WORK TO BE COMPLETED: This exercise calls for the whole listing to be given again exactly, without images.

RECORDED DATA:
◇ ◇ ◇ ◇ ◇ ◇ ◇

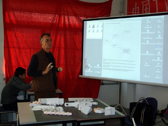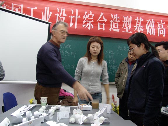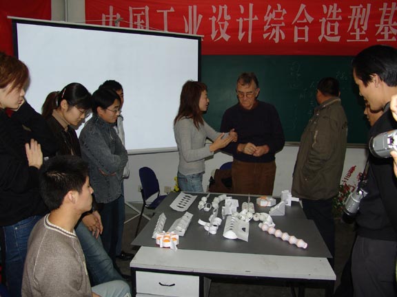 下午14:00,雷曼教授對這一周以來的練習情況進行總結、演示、講評。隨后,他從理論上為學員介紹了一個好的工業產品所具備的特點-首先必須從實用性和功能性上著手,然后注重設計的外觀(比如如何處理好形態、色彩、包裝等之間的各種關系)。他說,一般而言處理功能和外觀的關系時各占60%和40%。另外,雷曼教授還向學員介紹了產品設計的整個過程(程序)并就現代工業設計教學中大家關心的問題回答了學員的提問。
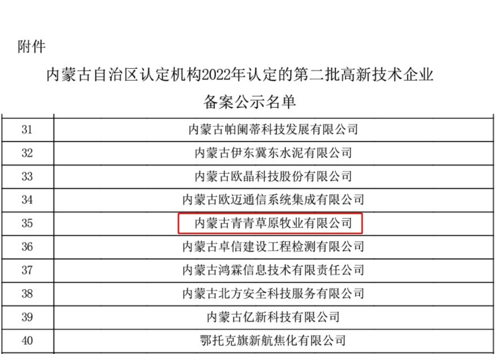 12月1日、12月14日,全國高新技術企業認定管理工作領導小組辦公室分別公布了河南省2022年第一批高新技術企業備案通知和內蒙古自治區2022年第二批高新技術企業備案通知,內蒙古青青草原牧業有限公司及權屬子公司河南中羊牧業有限公司均成功入選。
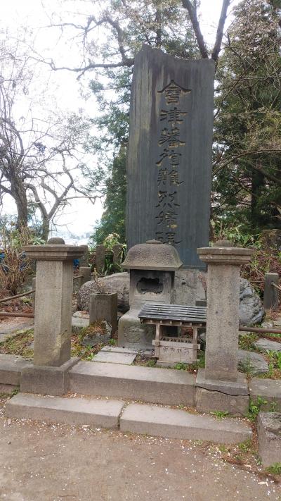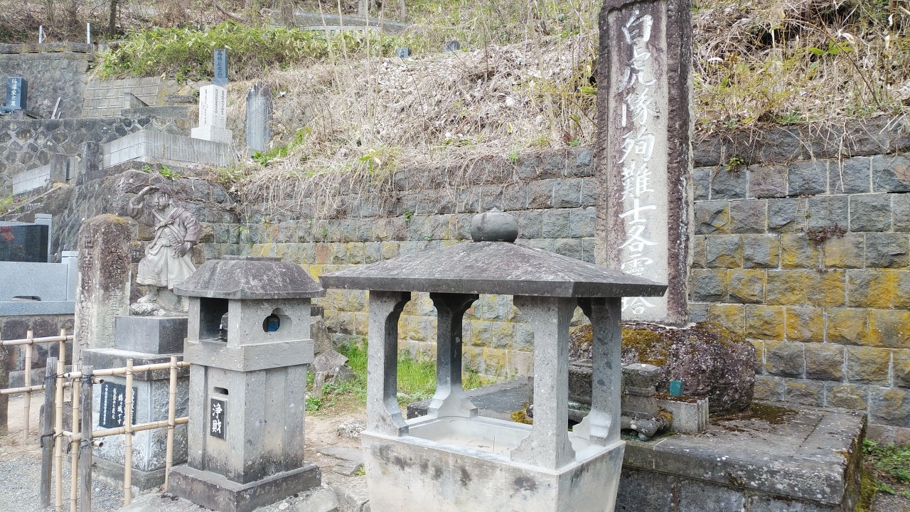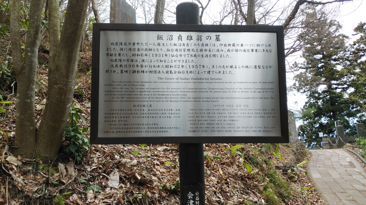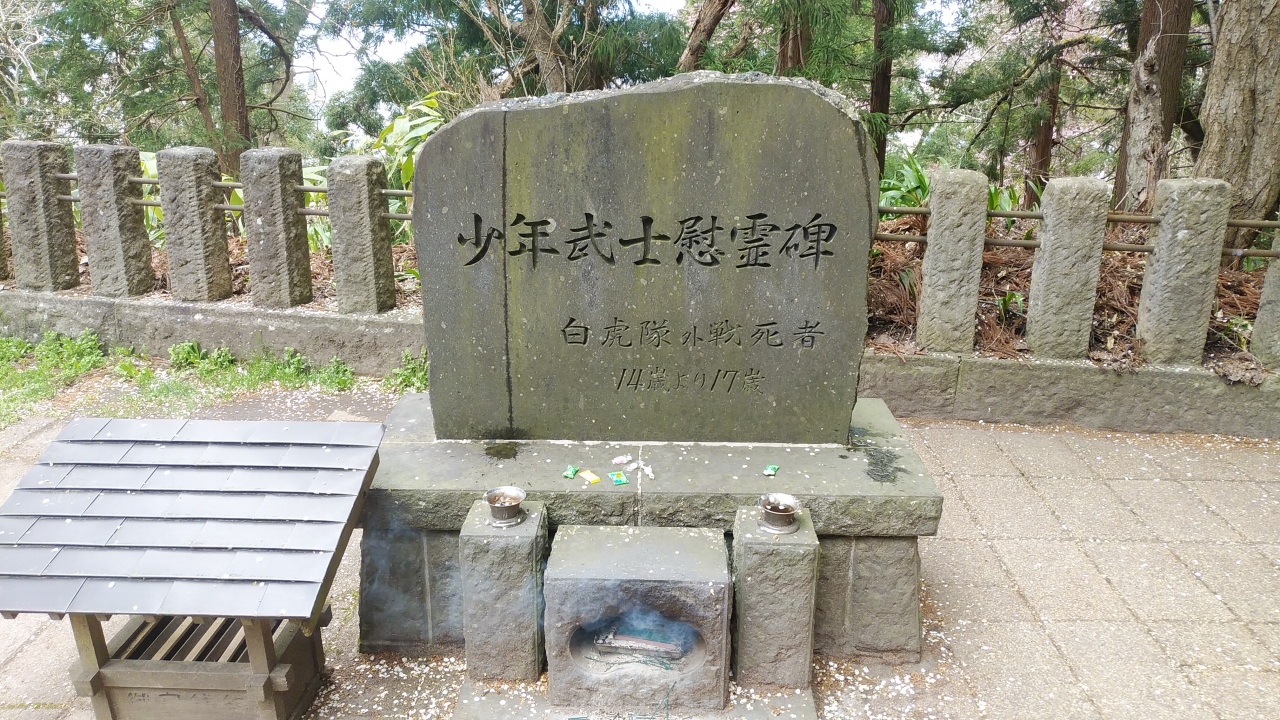 飯盛山頂上にありました。戊辰戦争で齢16~17の少年たちによって編成された白虎隊は、戸ノ口原合戦から退却し辿り着いた飯盛山で、鶴ヶ城の天守を覆い隠す激しい炎と濛々たる黒煙を目にした時、隊士の間では城に戻り戦うか、敵陣に斬り込み一人でも多く道連れにするか、激論が交わさた結果、彼らが選んだのは自刃。捕らえられて生き恥をさらすより潔く死を選ぶ、という結論だった。ある者は腹を割き、ある者は喉に刃を突き立てる、凄惨たる光景―。新政府は彼らの遺骸に手をつける事を許さなかったが、3ヶ月後、近くの村人・吉田伊惣治らによって付近の妙国寺に密かに仮埋葬された。改葬が許されたのは明治2年。その時作られた墓は拡張され、大正15年に今の形となったそうです。当時の悲しき物語を見る事が出来て良かったです。

◇ ◇ ◇ ◇ ◇ ◇ ◇

TASK RESPONSE:
 下午14:00,雷曼教授對這一周以來的練習情況進行總結、演示、講評。隨后,他從理論上為學員介紹了一個好的工業產品所具備的特點-首先必須從實用性和功能性上著手,然后注重設計的外觀(比如如何處理好形態、色彩、包裝等之間的各種關系)。他說,一般而言處理功能和外觀的關系時各占60%和40%。另外,雷曼教授還向學員介紹了產品設計的整個過程(程序)并就現代工業設計教學中大家關心的問題回答了學員的提問。
 12月1日、12月14日,全國高新技術企業認定管理工作領導小組辦公室分別公布了河南省2022年第一批高新技術企業備案通知和內蒙古自治區2022年第二批高新技術企業備案通知,內蒙古青青草原牧業有限公司及權屬子公司河南中羊牧業有限公司均成功入選。
 飯盛山頂上にありました。戊辰戦争で齢16~17の少年たちによって編成された白虎隊は、戸ノ口原合戦から退却し辿り着いた飯盛山で、鶴ヶ城の天守を覆い隠す激しい炎と濛々たる黒煙を目にした時、隊士の間では城に戻り戦うか、敵陣に斬り込み一人でも多く道連れにするか、激論が交わさた結果、彼らが選んだのは自刃。捕らえられて生き恥をさらすより潔く死を選ぶ、という結論だった。ある者は腹を割き、ある者は喉に刃を突き立てる、凄惨たる光景―。新政府は彼らの遺骸に手をつける事を許さなかったが、3ヶ月後、近くの村人・吉田伊惣治らによって付近の妙国寺に密かに仮埋葬された。改葬が許されたのは明治2年。その時作られた墓は拡張され、大正15年に今の形となったそうです。当時の悲しき物語を見る事が出来て良かったです。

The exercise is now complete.